Start of Data for this exercise
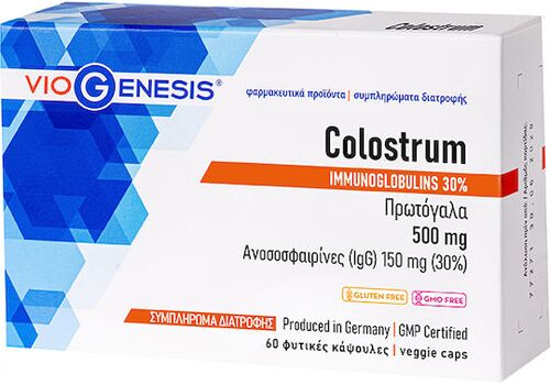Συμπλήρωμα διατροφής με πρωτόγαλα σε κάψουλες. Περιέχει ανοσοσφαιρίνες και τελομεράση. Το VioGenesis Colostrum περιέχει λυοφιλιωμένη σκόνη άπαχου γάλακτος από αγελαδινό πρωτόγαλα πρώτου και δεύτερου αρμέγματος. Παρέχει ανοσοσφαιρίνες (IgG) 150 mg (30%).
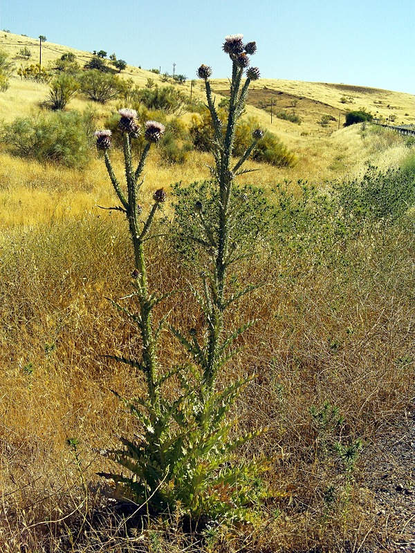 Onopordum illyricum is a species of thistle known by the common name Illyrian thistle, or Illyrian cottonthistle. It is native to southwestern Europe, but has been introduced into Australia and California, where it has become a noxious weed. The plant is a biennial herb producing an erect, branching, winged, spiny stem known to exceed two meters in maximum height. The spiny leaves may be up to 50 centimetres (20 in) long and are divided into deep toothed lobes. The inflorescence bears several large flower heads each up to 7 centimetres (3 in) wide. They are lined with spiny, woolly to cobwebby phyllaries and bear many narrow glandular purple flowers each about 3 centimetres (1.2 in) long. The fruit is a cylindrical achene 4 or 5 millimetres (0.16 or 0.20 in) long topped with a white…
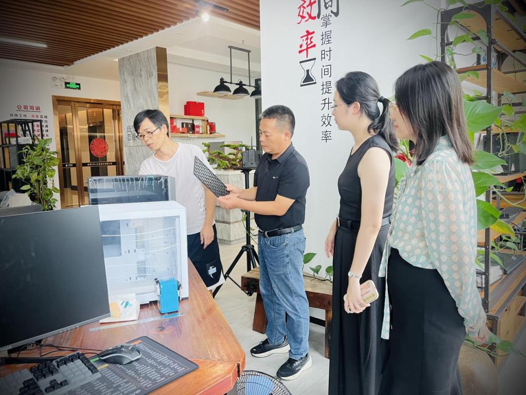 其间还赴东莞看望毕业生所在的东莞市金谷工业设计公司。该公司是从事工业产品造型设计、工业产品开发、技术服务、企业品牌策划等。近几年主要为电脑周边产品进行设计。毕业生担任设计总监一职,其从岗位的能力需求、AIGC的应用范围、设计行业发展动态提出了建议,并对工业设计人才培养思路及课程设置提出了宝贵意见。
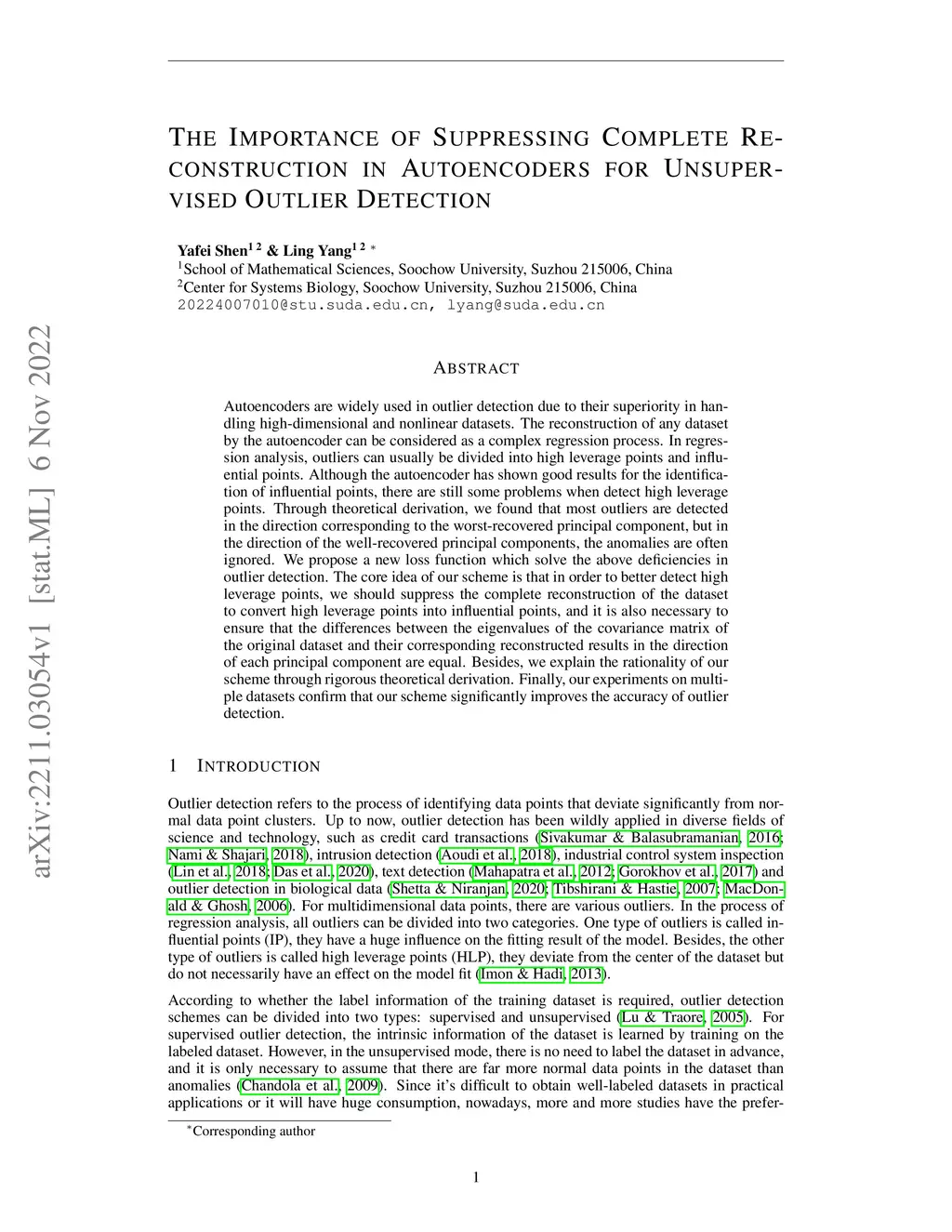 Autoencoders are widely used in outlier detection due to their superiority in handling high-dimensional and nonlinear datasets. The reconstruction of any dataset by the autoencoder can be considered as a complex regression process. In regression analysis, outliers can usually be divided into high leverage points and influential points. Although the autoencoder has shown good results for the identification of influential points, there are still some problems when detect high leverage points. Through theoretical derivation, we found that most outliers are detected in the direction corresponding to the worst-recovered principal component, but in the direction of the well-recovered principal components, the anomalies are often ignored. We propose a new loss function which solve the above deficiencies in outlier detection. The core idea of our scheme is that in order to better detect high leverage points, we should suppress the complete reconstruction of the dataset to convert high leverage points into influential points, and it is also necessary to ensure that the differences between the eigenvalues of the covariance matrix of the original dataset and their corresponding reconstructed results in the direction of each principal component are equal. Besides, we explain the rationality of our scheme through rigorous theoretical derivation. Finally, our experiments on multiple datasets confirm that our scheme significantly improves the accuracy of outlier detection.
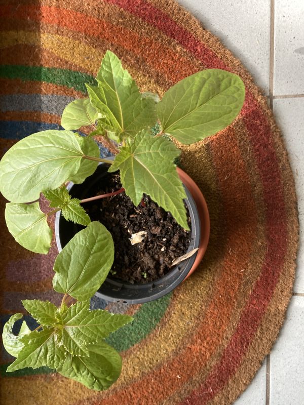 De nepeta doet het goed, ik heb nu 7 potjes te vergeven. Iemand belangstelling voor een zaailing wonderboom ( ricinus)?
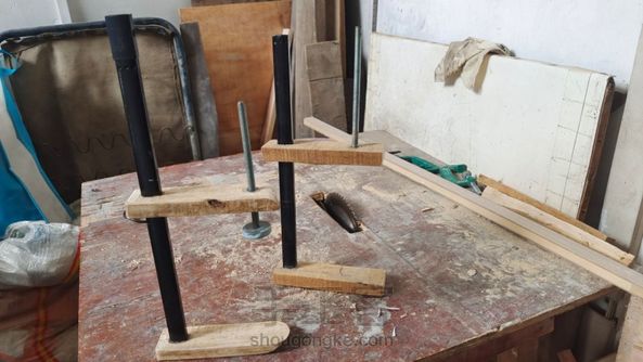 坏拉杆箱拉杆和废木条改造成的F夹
End of Data for this exercise
## Task goal
Print every record exactly, without the pictures.

## Solution to this problem
Συμπλήρωμα διατροφής με πρωτόγαλα σε κάψουλες. Περιέχει ανοσοσφαιρίνες και τελομεράση. Το VioGenesis Colostrum περιέχει λυοφιλιωμένη σκόνη άπαχου γάλακτος από αγελαδινό πρωτόγαλα πρώτου και δεύτερου αρμέγματος. Παρέχει ανοσοσφαιρίνες (IgG) 150 mg (30%).
 Onopordum illyricum is a species of thistle known by the common name Illyrian thistle, or Illyrian cottonthistle. It is native to southwestern Europe, but has been introduced into Australia and California, where it has become a noxious weed. The plant is a biennial herb producing an erect, branching, winged, spiny stem known to exceed two meters in maximum height. The spiny leaves may be up to 50 centimetres (20 in) long and are divided into deep toothed lobes. The inflorescence bears several large flower heads each up to 7 centimetres (3 in) wide. They are lined with spiny, woolly to cobwebby phyllaries and bear many narrow glandular purple flowers each about 3 centimetres (1.2 in) long. The fruit is a cylindrical achene 4 or 5 millimetres (0.16 or 0.20 in) long topped with a white…
 其间还赴东莞看望毕业生所在的东莞市金谷工业设计公司。该公司是从事工业产品造型设计、工业产品开发、技术服务、企业品牌策划等。近几年主要为电脑周边产品进行设计。毕业生担任设计总监一职,其从岗位的能力需求、AIGC的应用范围、设计行业发展动态提出了建议,并对工业设计人才培养思路及课程设置提出了宝贵意见。
 Autoencoders are widely used in outlier detection due to their superiority in handling high-dimensional and nonlinear datasets. The reconstruction of any dataset by the autoencoder can be considered as a complex regression process. In regression analysis, outliers can usually be divided into high leverage points and influential points. Although the autoencoder has shown good results for the identification of influential points, there are still some problems when detect high leverage points. Through theoretical derivation, we found that most outliers are detected in the direction corresponding to the worst-recovered principal component, but in the direction of the well-recovered principal components, the anomalies are often ignored. We propose a new loss function which solve the above deficiencies in outlier detection. The core idea of our scheme is that in order to better detect high leverage points, we should suppress the complete reconstruction of the dataset to convert high leverage points into influential points, and it is also necessary to ensure that the differences between the eigenvalues of the covariance matrix of the original dataset and their corresponding reconstructed results in the direction of each principal component are equal. Besides, we explain the rationality of our scheme through rigorous theoretical derivation. Finally, our experiments on multiple datasets confirm that our scheme significantly improves the accuracy of outlier detection.
 De nepeta doet het goed, ik heb nu 7 potjes te vergeven. Iemand belangstelling voor een zaailing wonderboom ( ricinus)?
 坏拉杆箱拉杆和废木条改造成的F夹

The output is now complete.